Aim of the exercise: Below are entries. Reproduce exactly the lines between the line holding "К Teatro Degollado." and the line holding "Dietro al trionfo", inclusive, and only those.

*** Opening Data records ***

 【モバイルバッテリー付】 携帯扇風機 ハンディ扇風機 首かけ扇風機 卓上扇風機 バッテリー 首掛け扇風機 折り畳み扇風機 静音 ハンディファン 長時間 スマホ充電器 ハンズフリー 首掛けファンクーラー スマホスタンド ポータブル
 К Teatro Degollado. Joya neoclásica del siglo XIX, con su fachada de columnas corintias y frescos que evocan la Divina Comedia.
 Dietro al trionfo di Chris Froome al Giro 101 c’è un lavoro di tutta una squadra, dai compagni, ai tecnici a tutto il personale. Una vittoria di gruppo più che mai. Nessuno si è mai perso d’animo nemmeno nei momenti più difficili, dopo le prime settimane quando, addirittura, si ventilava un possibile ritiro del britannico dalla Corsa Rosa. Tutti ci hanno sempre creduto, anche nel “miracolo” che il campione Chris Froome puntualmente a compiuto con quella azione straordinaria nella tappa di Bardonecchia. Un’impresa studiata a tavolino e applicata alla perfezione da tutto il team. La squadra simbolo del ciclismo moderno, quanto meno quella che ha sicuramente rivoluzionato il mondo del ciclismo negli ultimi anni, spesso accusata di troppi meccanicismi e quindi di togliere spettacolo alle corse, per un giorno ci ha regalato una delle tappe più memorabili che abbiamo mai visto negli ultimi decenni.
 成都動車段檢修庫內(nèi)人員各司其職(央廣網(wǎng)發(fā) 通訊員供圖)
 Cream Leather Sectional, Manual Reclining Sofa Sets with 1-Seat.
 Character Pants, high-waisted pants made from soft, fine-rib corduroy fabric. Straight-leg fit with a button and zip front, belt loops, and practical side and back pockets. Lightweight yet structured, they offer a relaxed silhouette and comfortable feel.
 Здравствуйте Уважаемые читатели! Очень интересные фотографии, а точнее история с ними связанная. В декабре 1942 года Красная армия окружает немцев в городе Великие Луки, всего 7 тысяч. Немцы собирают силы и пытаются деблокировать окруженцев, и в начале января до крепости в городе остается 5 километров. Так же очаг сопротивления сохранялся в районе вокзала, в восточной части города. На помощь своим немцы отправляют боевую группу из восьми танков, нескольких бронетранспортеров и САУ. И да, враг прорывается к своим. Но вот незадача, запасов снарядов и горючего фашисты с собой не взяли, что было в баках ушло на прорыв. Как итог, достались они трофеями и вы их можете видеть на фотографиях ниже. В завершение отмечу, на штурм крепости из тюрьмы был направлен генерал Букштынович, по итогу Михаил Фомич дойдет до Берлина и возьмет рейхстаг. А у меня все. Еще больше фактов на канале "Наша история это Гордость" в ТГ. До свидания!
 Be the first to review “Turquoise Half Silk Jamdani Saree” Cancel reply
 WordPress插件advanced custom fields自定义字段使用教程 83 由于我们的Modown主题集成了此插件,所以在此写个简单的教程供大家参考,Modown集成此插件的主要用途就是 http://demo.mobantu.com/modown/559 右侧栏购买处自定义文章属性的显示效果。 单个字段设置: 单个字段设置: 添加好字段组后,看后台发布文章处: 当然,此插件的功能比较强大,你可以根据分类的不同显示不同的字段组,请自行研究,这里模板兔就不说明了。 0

*** Closing Data records ***

Written solution:
 К Teatro Degollado. Joya neoclásica del siglo XIX, con su fachada de columnas corintias y frescos que evocan la Divina Comedia.
 Dietro al trionfo di Chris Froome al Giro 101 c’è un lavoro di tutta una squadra, dai compagni, ai tecnici a tutto il personale. Una vittoria di gruppo più che mai. Nessuno si è mai perso d’animo nemmeno nei momenti più difficili, dopo le prime settimane quando, addirittura, si ventilava un possibile ritiro del britannico dalla Corsa Rosa. Tutti ci hanno sempre creduto, anche nel “miracolo” che il campione Chris Froome puntualmente a compiuto con quella azione straordinaria nella tappa di Bardonecchia. Un’impresa studiata a tavolino e applicata alla perfezione da tutto il team. La squadra simbolo del ciclismo moderno, quanto meno quella che ha sicuramente rivoluzionato il mondo del ciclismo negli ultimi anni, spesso accusata di troppi meccanicismi e quindi di togliere spettacolo alle corse, per un giorno ci ha regalato una delle tappe più memorabili che abbiamo mai visto negli ultimi decenni.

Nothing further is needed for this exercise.